# [YOUR OBJECTIVE]
Look below for the line with "11月25日の給食 公開日 2021/11/25"; begin the copy there and stop after the line with "To set up campaign", keeping the text exact and the pictures out.

# [RECORD EXCERPTS]
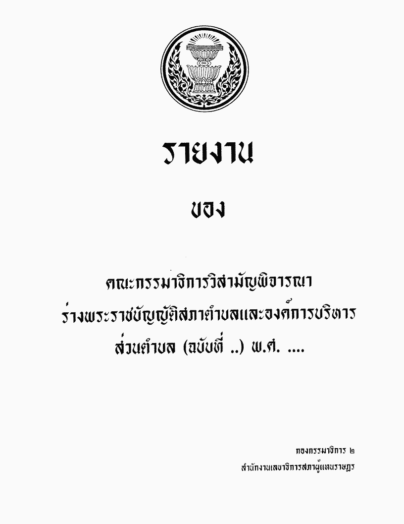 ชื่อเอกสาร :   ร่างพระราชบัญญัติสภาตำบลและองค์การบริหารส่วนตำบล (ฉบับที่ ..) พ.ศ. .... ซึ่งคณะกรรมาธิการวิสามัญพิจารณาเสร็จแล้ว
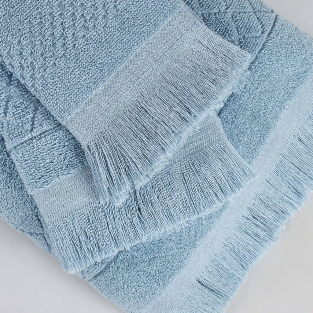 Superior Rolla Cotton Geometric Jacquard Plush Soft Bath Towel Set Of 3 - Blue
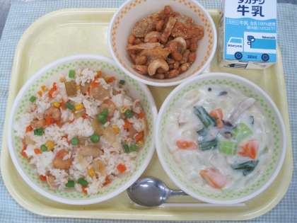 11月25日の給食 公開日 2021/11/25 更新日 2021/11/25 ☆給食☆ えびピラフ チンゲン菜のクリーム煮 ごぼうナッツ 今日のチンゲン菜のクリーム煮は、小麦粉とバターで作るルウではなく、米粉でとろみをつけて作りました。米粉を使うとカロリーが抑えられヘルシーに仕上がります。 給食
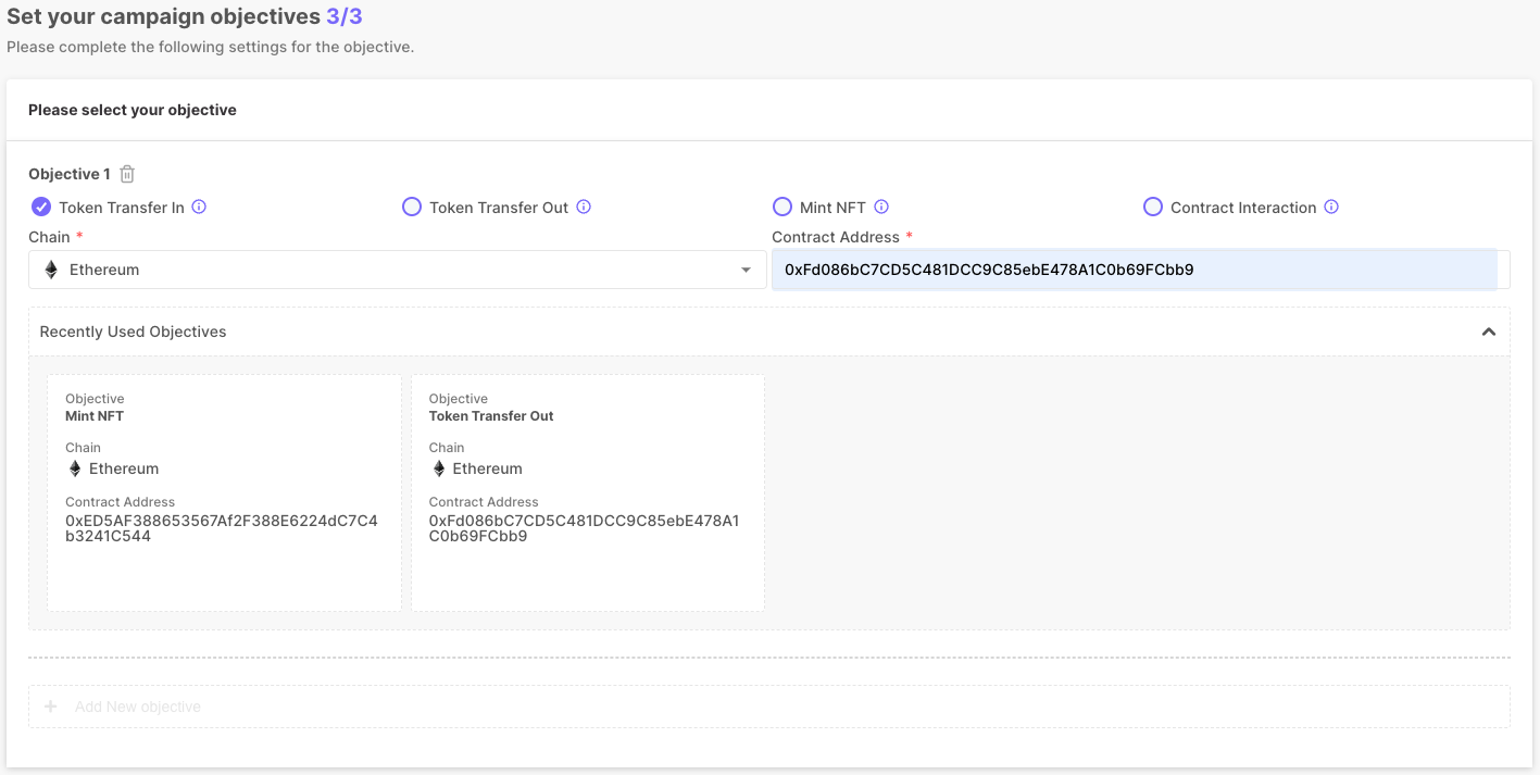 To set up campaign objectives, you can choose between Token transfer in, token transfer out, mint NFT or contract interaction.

* * *

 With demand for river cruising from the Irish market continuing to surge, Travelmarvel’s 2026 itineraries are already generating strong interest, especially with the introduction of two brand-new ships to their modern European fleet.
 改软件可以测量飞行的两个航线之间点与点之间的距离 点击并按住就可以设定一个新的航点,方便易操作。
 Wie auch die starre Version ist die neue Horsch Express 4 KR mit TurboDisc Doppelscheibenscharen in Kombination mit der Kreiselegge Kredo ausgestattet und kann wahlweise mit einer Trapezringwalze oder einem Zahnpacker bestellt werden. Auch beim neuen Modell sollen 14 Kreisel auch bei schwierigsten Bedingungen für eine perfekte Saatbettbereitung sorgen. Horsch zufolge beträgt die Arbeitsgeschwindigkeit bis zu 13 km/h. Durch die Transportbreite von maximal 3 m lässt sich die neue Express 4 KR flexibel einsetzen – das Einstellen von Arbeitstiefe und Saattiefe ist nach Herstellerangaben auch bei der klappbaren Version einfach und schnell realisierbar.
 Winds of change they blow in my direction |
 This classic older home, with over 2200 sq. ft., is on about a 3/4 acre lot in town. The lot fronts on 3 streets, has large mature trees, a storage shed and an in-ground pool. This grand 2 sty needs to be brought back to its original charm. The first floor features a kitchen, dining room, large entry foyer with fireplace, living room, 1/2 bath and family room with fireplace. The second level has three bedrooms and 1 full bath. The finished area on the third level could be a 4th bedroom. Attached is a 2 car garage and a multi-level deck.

# [THE ANSWER]
 11月25日の給食 公開日 2021/11/25 更新日 2021/11/25 ☆給食☆ えびピラフ チンゲン菜のクリーム煮 ごぼうナッツ 今日のチンゲン菜のクリーム煮は、小麦粉とバターで作るルウではなく、米粉でとろみをつけて作りました。米粉を使うとカロリーが抑えられヘルシーに仕上がります。 給食
 To set up campaign objectives, you can choose between Token transfer in, token transfer out, mint NFT or contract interaction.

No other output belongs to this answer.